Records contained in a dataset
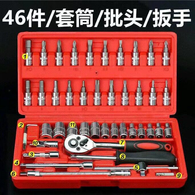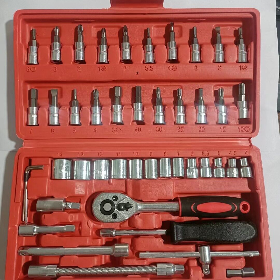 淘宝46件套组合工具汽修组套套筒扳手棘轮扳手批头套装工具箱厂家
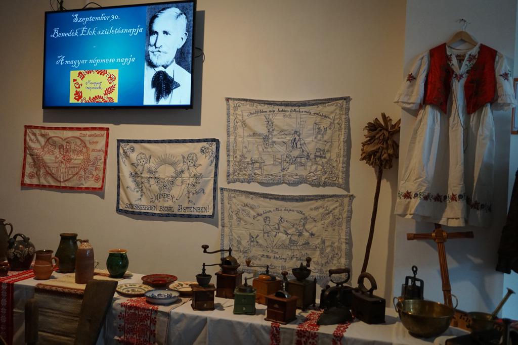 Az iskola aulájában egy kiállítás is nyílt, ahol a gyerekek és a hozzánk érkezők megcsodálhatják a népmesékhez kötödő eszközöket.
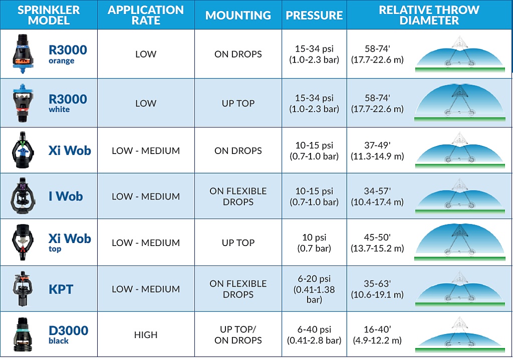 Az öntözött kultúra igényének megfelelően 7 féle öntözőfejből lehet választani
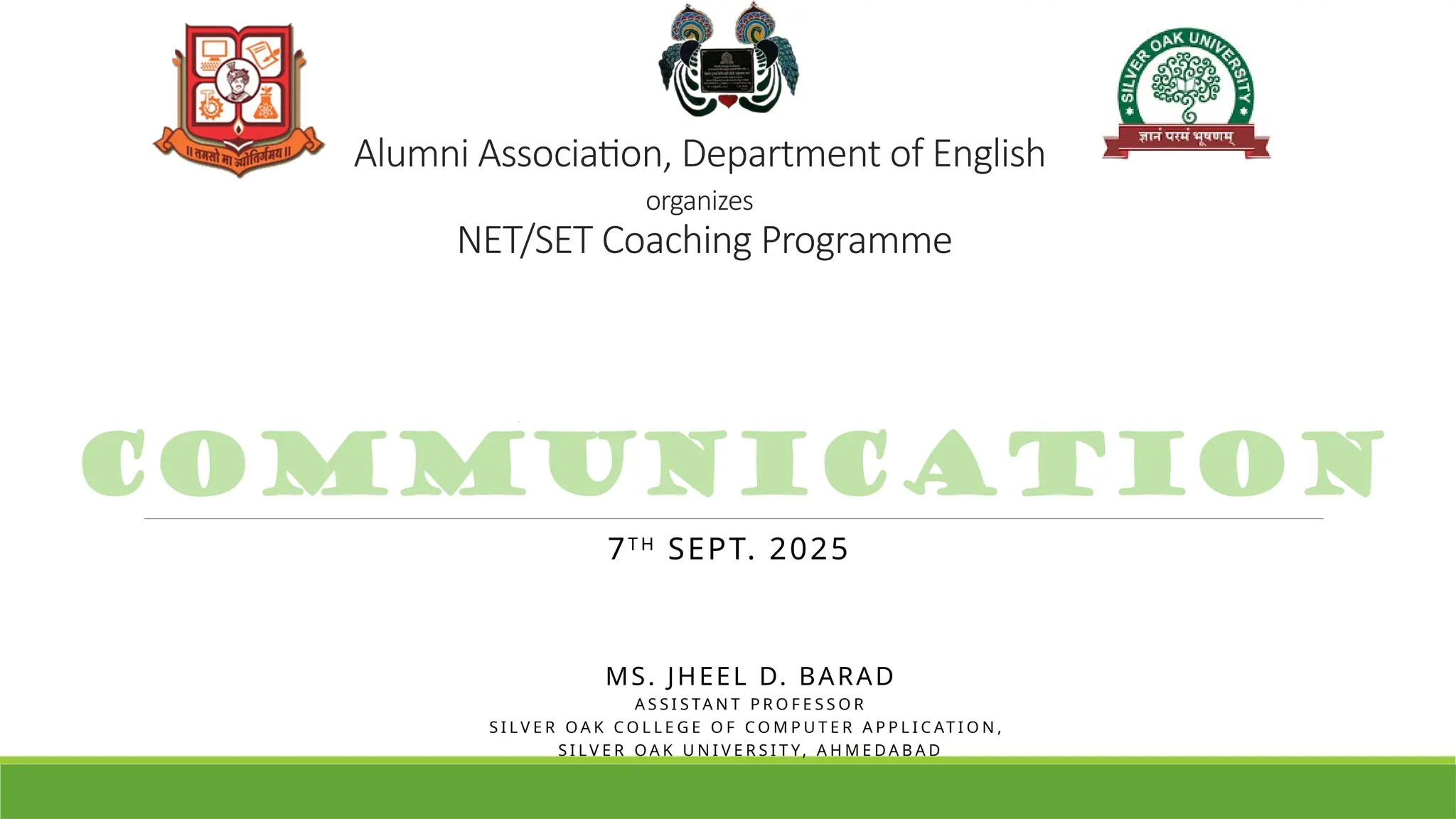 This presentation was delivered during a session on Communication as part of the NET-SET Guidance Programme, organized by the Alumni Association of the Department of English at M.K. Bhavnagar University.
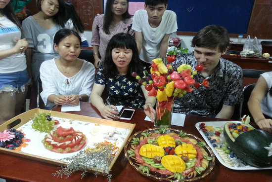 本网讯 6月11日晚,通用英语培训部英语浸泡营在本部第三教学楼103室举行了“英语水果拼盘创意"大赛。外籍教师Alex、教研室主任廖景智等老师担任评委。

> _Task to complete_: Images are to be excluded, and each record above written out word for word.

> _Exercise answer_:
 淘宝46件套组合工具汽修组套套筒扳手棘轮扳手批头套装工具箱厂家
 Az iskola aulájában egy kiállítás is nyílt, ahol a gyerekek és a hozzánk érkezők megcsodálhatják a népmesékhez kötödő eszközöket.
 Az öntözött kultúra igényének megfelelően 7 féle öntözőfejből lehet választani
 This presentation was delivered during a session on Communication as part of the NET-SET Guidance Programme, organized by the Alumni Association of the Department of English at M.K. Bhavnagar University.
 本网讯 6月11日晚,通用英语培训部英语浸泡营在本部第三教学楼103室举行了“英语水果拼盘创意"大赛。外籍教师Alex、教研室主任廖景智等老师担任评委。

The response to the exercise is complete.